As our lambda function is very simple and we can develop everything in just one file, we will just copy and paste into the editor. However, we would highly recommend that in practice you splitted the code into a file structure, in order to make the code more legible and mainainable. In addition, as you will probably need to include libraries if your Lambda function increases its complexity, copying and pasting code won’t be enough, since you will need to compress the files into a .zip file.

3) Configure the bot fulfillment method

We now want our bot to use our recently developed Lambda function in order to fulfill the user requests for the Birthday intent, so what we only need to do now is to tell our intent to fulfill its requests by calling our Lambda function. This can be done in the intent’s console:

If we did everything OK, our console should look like this:

4) Build and test the bot

We are almost done! Now we have to build our bot, in order for it to be available to receve queries. In order to do that, we have to press the “Build” button. In case there is an error building the bot, we have to fix it and build the bot again.

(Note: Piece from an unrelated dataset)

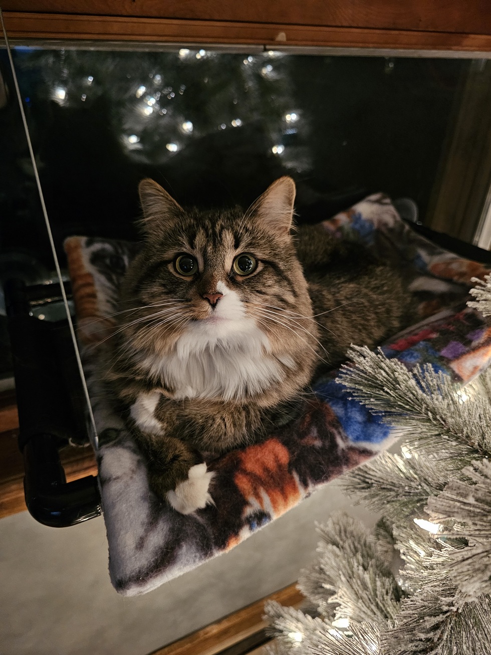 My boyfriend and I stopped into our local humane society one evening to look at kitties. We went through all of the pens, meeting and greeting each one. I turned around and saw Cashmere perched on a cat tower, who just came in as a surrender and wasn't up for adoption yet but I knew I had to have her. It was love at first sight. She has been with us for a couple of years now and is truly one of a kind. She is the sweetest, most mischievous, full of character cat I have ever met. She loves to explore our home and is our official "box inspector". From sleeping between our legs at night, in our laundry hamper, or in a cooking pot on top of our fridge, she suprises us in some new way every day. She is so smart and knows exactly where her treats are kept, and how to get into them. Cashmere is so curious and loves to explore. She desperately longs to be an outdoor kitty, but is content with watching the birds from her window hammock. She gets along great with our other 3 cats and 2 dogs. Our hearts are so full.

Now it’s time to test our bot. That can be done by using the bot console, located at the very right of the screen of the bot (you may read “Test Chatbot” at the top right corner of the screen). Having in mind the utterances you created for the intent, you can use them with different values for the slot name, and see what happens. Here are some examples:

How about that? Nice, huh? Try typing your own text and see what happens.

Tips when creating a bot

  1. Use only one Lambda function. If you modularize the code wisely and keep your code maintainable, you won’t need more than one Lambda function to handle your bot’s requests. This has two major advantages: you can have only one project folder for the entire bot, having libraries and shared code only in one place. On the other hand, Lambda requests can be costly after certain number and, in case you need to make calls to other Lambda functions, that may increase your budget.
  2. Create a init/test intent to test more complex requests. You may have already noticed that, for example, session attributes cannot be set from the bot console (at least not yet), so a nice and easy way to set these attributes in order to test your bot is to have an extra intent that when called sets all the session attributes. This will be done in the Lambda function, of course. Remember to disable this intent when moving the bot to production.
  3. Test from the AWS Lambda console first. You can also simulate bot requests from the Lambda console. The main advantage of this is that allows you to test the Lambda function from the console, where you can visualize the errors, logs and other info you may want to log into the console.
  4. Create a script to compress and upload your project. As you may upload your project multiple times, it is a nice idea to create a script that does all the job for you, so having one that compresses your project folder contents and uploads the .zip file to AWS Lambda will save you a lot of time.

Wrapping up

Creating chatbots has become extremely easy because of the technologies that provide machine learning-based engines to process text or voice, leaving us only the task of developing the connection of the bot with our API, database or other external service. Amazon Lex is a good option to achieve this and developing a chatbot by using this technology is very straightforward.